In Molly Jean Bennett’s “A Particular Woman,” the parts of a woman’s body become vibrant, unforgettable
characters in themselves. The bladder is a wallflower at parties. The right knee is an outdoorsman who loves
classic rock. We are proud to feature this short and stunning story as part of our New Voices series. Dive in.

A particular woman sat in the swing on her front porch and cataloged her body in bits and parts. She had been
feeling out of sorts lately, and something less than solid.

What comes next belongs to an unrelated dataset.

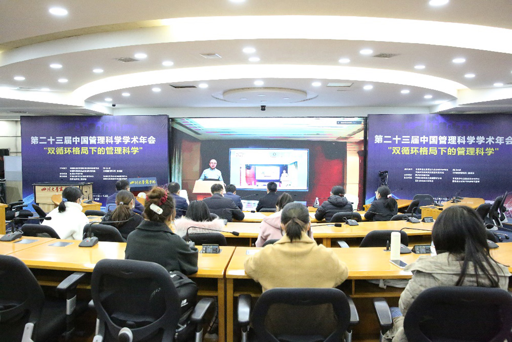 2021年12月11日至12日,第二十三届中国管理科学学术年会在四川大学成功召开。四川大学副校长姚乐野教授、四川大学校长助力商学院院长徐玖平教授、中国工程院杨善林院士、唐立新院士、国家自然科学基金委管理科学部副主任刘作仪教授、中国优选法统筹法与经济数学研究会理事长池宏研究员、中国科学院科技战略咨询研究院院长潘教峰研究员、《中国管理科学》主编、中国科学院大学经济与管理学院常务副院长李建平教授等嘉宾在现场或线上出席了会议。来自全国高校和科研院所、企业的专家学者在线参加了本届年会,直播平台累计观看人数超过10万人次。

She ought to get herself down on paper, she thought.
The moon, rising over the crumbling house across the street, appeared like a wound beneath a gauze bandage.
It scattered flecks of dirty light over the particular woman and made shadowed valleys in the folds of her dress.
Her body reclined but did not rest, as working bodies never do. The bits and parts expanded, contracted,
clasped and unclasped.

The particular woman’s bladder had always known herself to be shy. At parties, she stood by the wall and
watched other bladders whirl in tight foxtrots and quicksteps, throwing their heads back when their partners
said something funny, or funny enough. But the bladder was a good bladder, a big bladder. She had served the
particular woman well in long restroom queues and on bus rides to the sea. The right knee was a solid fellow,
capable of blazing up rocky mountainsides in springtime. He liked hockey and classic rock, and was known to
give his friends a hearty slap on the back whenever he met them by chance in the street. The left knee was a
good sport, if not quite so robust as his brother. He was prone to bouts of weakness, and sometimes fainted
altogether. Whenever the fainting came, he wished for a warm, dry place to be alone and think about imagist
poetry.

The lower intestine was steady and well groomed. She vacuumed her bedroom twice a week and always paid
the rent early. The eyes were hardly windows. They loved disco. They betrayed nothing. The sternum owned a
successful machine shop. He apprenticed most of the ribs. The kidneys scolded other people’s children. The
right eyelid longed to see Zanzibar. The spine lied. She once invented two ex-husbands and an abalone fortune
in order to secure a free ice cream sundae. The tongue was a brilliant expressionist painter living in the wrong
time. The clitoris made poor decisions with her money. On a whim, she bought expensive cuts of meat that she
did not know how to cook and vacations to the Amalfi Coast. The urethra was deeply empathetic. The elbows
couldn’t break dance, but often tried to at wedding receptions. The left bicep drank to excess. The pelvis loved
Jesus. The gallbladder was an alcoholic too, but she hid it well. The shins had never been medicated for their
depression. The liver painted pastoral scenes on sliced almonds.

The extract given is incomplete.